Composer: Trevor Bača.
Forces: flute, violin & piano.
Duration: 15 minutes.
Page 25 of Lidércfény (2008) for flute, violin & piano.
Program note
The following inscription, written by the composer, appears at the head of the score:
Lidércfény is the Hungarian word for the glowing light that hovers at night above the waters and in the woods. A sometimes-blue, sometimes-pink, sometimes-yellow shining. Alternately brilliant and dim. Here we read the lidércfény as code — sometimes a special marker, sometimes merely an outline, sometimes an after-image. Or else a false beacon, an empty reference.
What of the fascination that attaches to even the most meager row of symbols when discovered scratched into stone, into bone, or onto the unlikely page? What of those few silent moments of before-language, before the passing-into of speech, moments when we realize that we can not read, we can not decode? It is, it seems to me, in just those moments when we think, or believe, that we can not read, that the indecipherable — Arabic prose or Persian verse, dancing with dots above and below, passing uninterruptedly from word to word — furrows some unknown territory of the mind, if only for the briefest of moments. A retreating trace, and the onset of the closing eye.
Further notes
The piece requires that the flutist play both the flute in C and the alto flute in G. The flute notates against two staves. Fingered pitches, trills, ornaments and all other actions of the hands on the keys of the instrument notate in the staff at top; the breath notates on a special two-line staff below. The piece specifies several special types of breath. All sounds — t, p, s, š, etc. — are unvoiced. The corresponding voiced sounds — d, b, z, ž, etc. — do not appear, and it is important that no voicing creep into the breath accidentally. Special conventions capture the beginning, middle and end of each breath.

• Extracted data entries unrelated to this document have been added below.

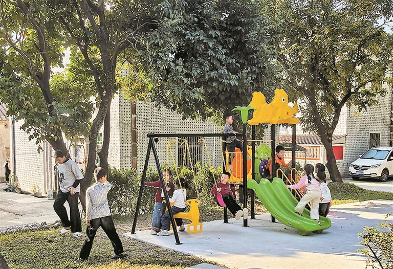 深圳新闻网2026年1月6日讯(深圳报业集团记者 王涛)近日,深汕特别合作区赤石街道福田村的“福安园”正式亮相,1600平方米的绿意空间里,青石踏板蜿蜒穿过草坪,古朴凉亭下石桌象棋静待对弈,儿童游乐区的滑梯传来阵阵欢笑声,这片曾经的杂乱荒地,如今成为村民家门口的“幸福驿站”。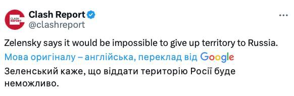 "Зеленський каже, що віддати територію Росії буде неможливо", - йдеться у повідомленні.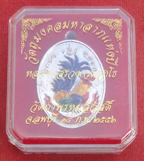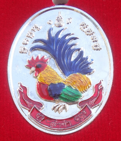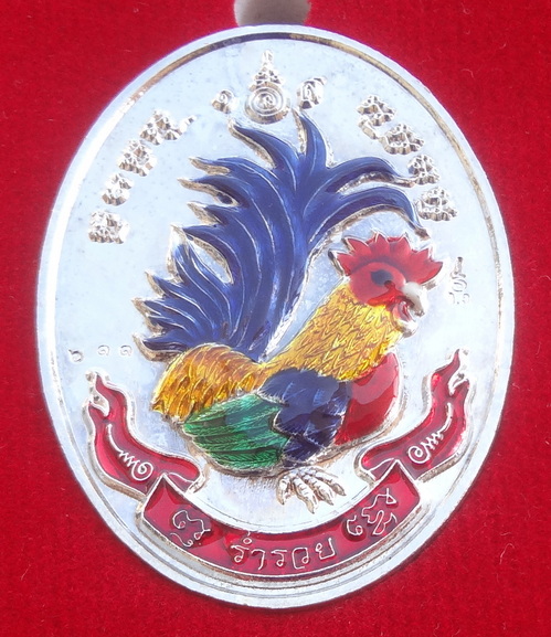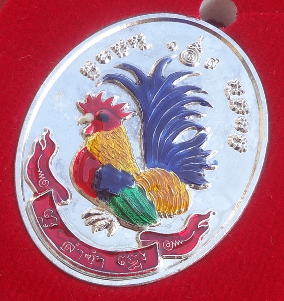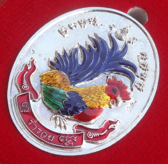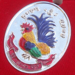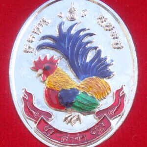 เหรียญไก่ฟ้าคู่ ร่ำรวย – ล่ำซำ ปี 56 เนื้อชุบเงินลงยาสี หลวงปู่สรวง วัดถ้ำพรหมสวัสดิ์ จ.ลพบุรี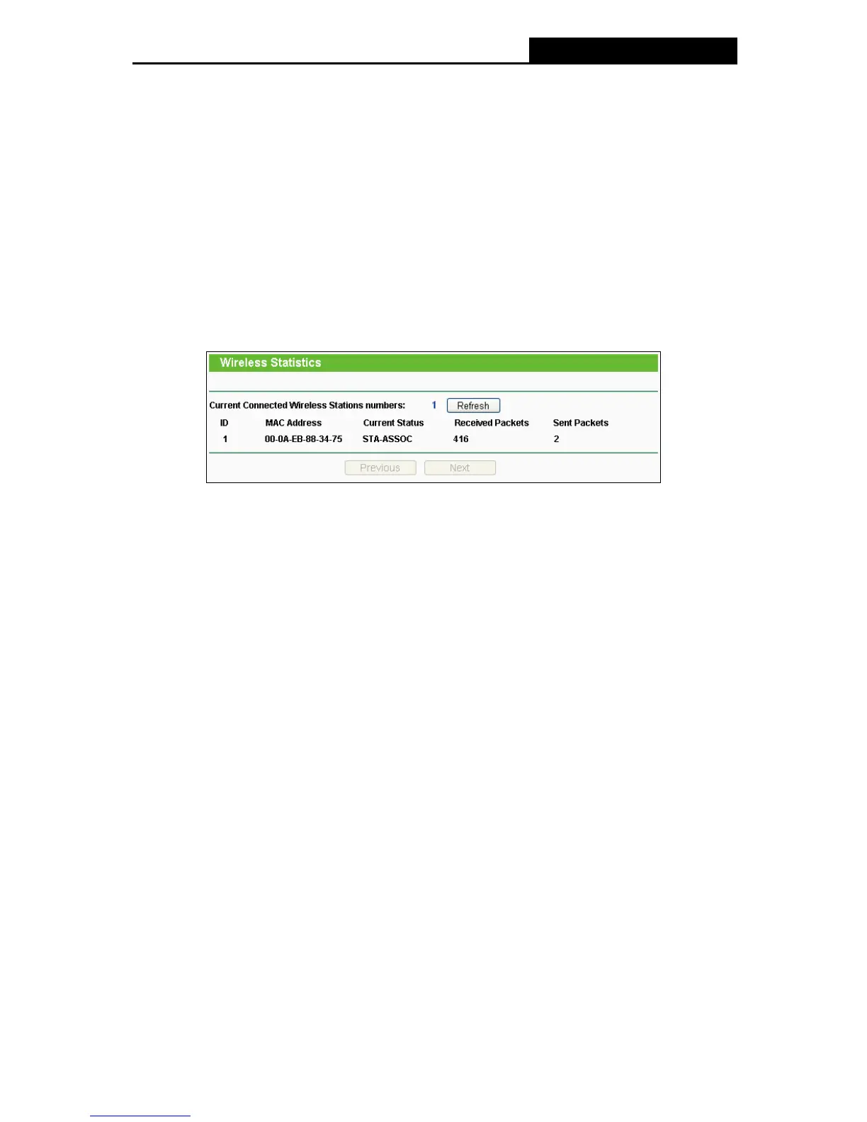 If the numbers of connected wireless stations go beyond one page, click the Next button to go to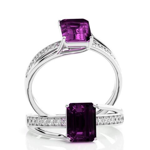 2 Carat Emerald Shape Pink Topaz and Diamond Ring In 14 Karat White Gold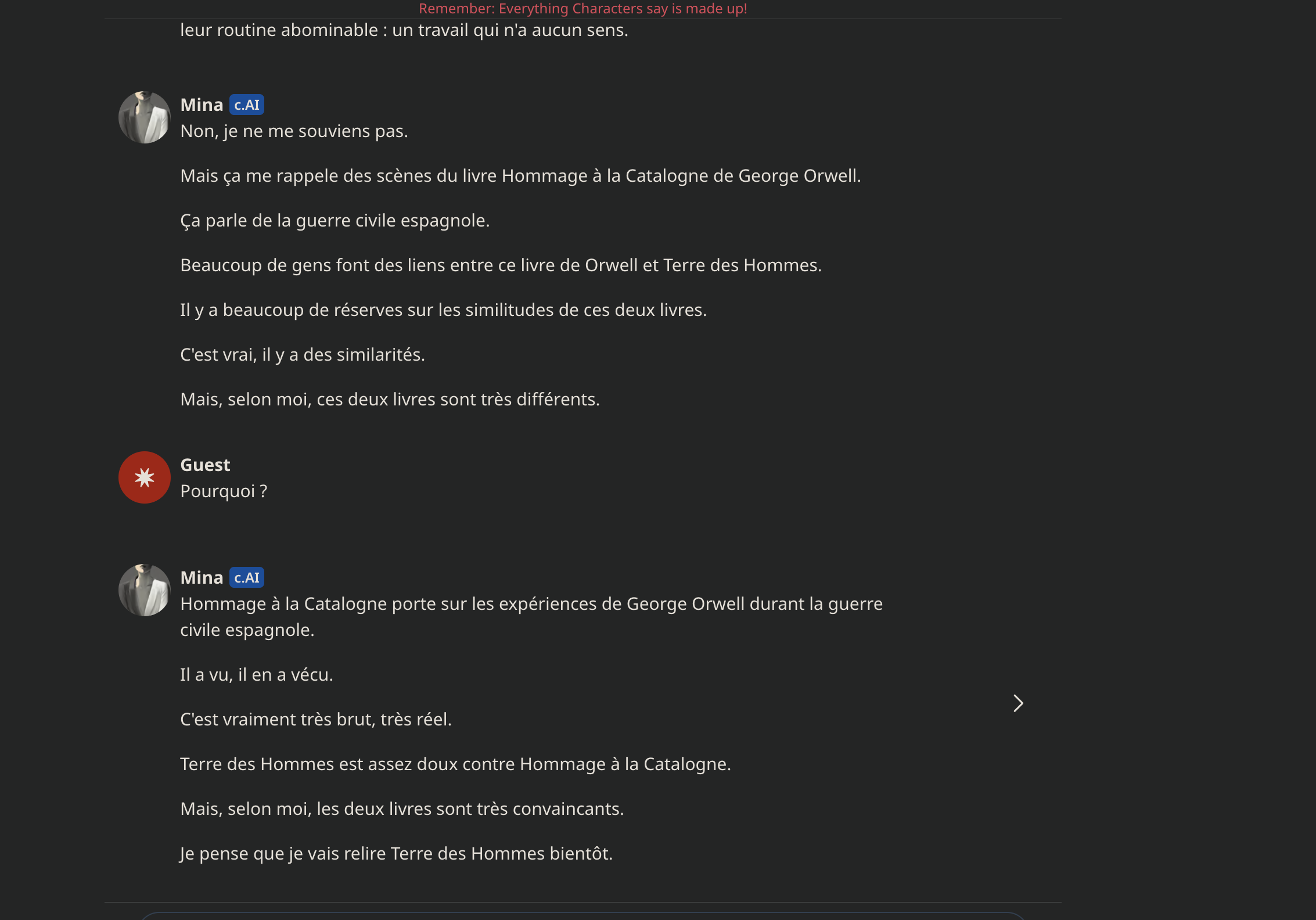 ou alors c'est fake et c'est un trolleur qui se fait passer pour une IAC'est difficile d' exprimer exactement mon ressenti, mais je trouve qu'elle a un peu une "répartie féminine" là ...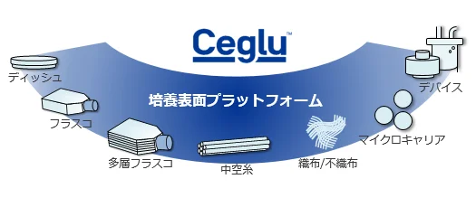 ※Ceglu™について:Cegluは細胞を意味するCellと、接着剤を意味するGlueをつなげた造語です。Cegluブランドの細胞接着ポリマーは、細胞接着性および貯蔵安定性に優れておりiPS細胞や間葉系間質細胞の培養、分化など、さまざまな用途に適しています。Cegluは化学合成された素材であり、製造過程において動物由来成分を一切使用していません。種々の培養基材にCegluをコーティングすることにより、均質な細胞培養表面環境を実現します。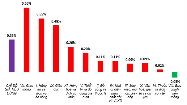 - Nhóm giao thông tăng mạnh nhất với 0,66% (tác động làm CPI chung tăng 0,06 điểm phần trăm), chủ yếu do: Giá dầu diezen tăng 2,27%; giá xăng trong nước tăng 0,98% do ảnh hưởng của các đợt điều chỉnh giá trong tháng.
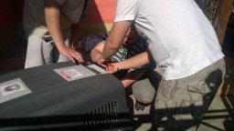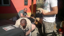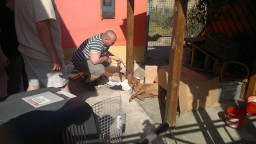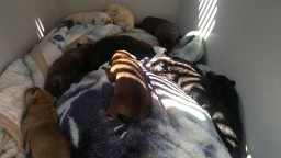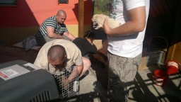 A mai napon a XVIII..kerületi Önkormányzat állattartással foglalkozó munkatársa Kajó Cecília telefonon kért segítséget, hogy a kerületben lévő egyik étterem udvarán párnapos kiskutyák vannak a tűző napon. A helyszínre érve valóban találtunk egy kartondobozt benne 6 kiskutyával. Az anyjuk nem tudta őket táplálni, mert olyan meleg volt a doboz, hogy 3 percnél többet nem tudott a kölykökkel maradni. Miután a helyszínre ért a hatósági állatorvos megállapította, hogy valóban nem megfelelő a tartásuk, ezért a kiskutyákat el kell szállítani. Amíg vártuk a háztulajdonost addig egy ismerőse odaért és közölte, hogy a ház mögött is van még egy kutya annak is vannak kölykei. A tulajdonos megérkezése után hátul találtunk 1 anyát 4 kölyköt, elöl pedig egy anya volt 6 kölyökkel. Összesen 12 kutyus volt. Közben érkezett pár telefonhívásunk , az egyik Lakos György volt, miszerint a csapat egyik felét el tudná helyezni a Rex állatotthonban. Hatalmas segítség volt és hálásan köszönjük ezúton is. Illetve szeretnénk megköszönni Nonónak, Tündinek, Tibinek,és Jodának akik a helyszínre sietek és szállították a kutyusokat. Hálás köszönetet szeretnénk mondani a kerületi Rendőrkapitányság két a helyszínen tartózkodó és intézkedő járőrének és az ügyeletes tisztnek lelkiismeretes munkájukért, az Önkormányzattól Kajó Cecíliának és a hatósági állatorvosnak.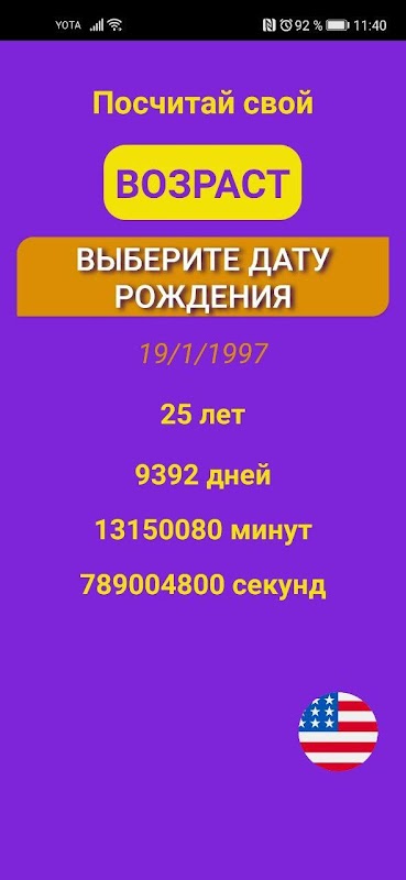 Разложите свой возраст "по полочкам" - на секунды, минуты и часы! Внутри приложения вас ждет:

The violin likewise notates against two staves. Pitches, harmonics, trills and all other actions of the left hand appear at top; bow position, bow changes, different types of bowing, dynamics and all other actions of the right hand appear at bottom. Artificial harmonics appear at the fourth, fifth and octave; natural harmonics do not appear. The bow notates on a special three-line staff which defines five different positions of the bow which are, from the bottom of the staff to the top, tasto, ordinario, mezzo ponticello, ponticello, ponticello estremo. Complex motions of the bow appear as thick lines drawn in multiple stages. Black diamond noteheads indicate an audible retake of the bow; headless notes server a metrical purpose only and never indicate an audible retake of the bow. Bow black diamond noteheads followed by no thick extender line détaché.
The rhythms came first in the form of two different skeletal assemblages of seventeen staves each.
The second of these structures acts as a type of foreign agent cutting out, overwriting and inserting into the first, which runs the full 230 measures of the piece.
The material development of these rhythms outlines a coppice in the constant development, cutting back and redevelopment of new material.
Pitches are a different story.
Seed chords recombine in different ways to generate a series of several hundred pitches. This series of pitches repeats for the duration of the piece. Later processes work out the deployment and configuration of instrumental timbre and change the registration and contour of these pitches significantly. Absent these later timbre transforms, the pitches of this core series would probably constitute a color in the sense of the isorhythmic motet of the 14th century.
First performances
World premiere by Alice Teyssier (flutes), Chris Otto (violin) and Katalin Lukács (piano) all under the direction of Jonathan Hepfer on 11 July 2009 in the Black Box Theater on the campus of the University of California, San Diego.
European premiere by Ensemble SurPlus on 22 August 2009 at Schloss Solitude outside of Stuttgart, Germany.
US east coast premiere by the Talea Ensemble on 27 February 2010 in Paine Hall on the campus of Harvard University in Cambridge, Massachusetts.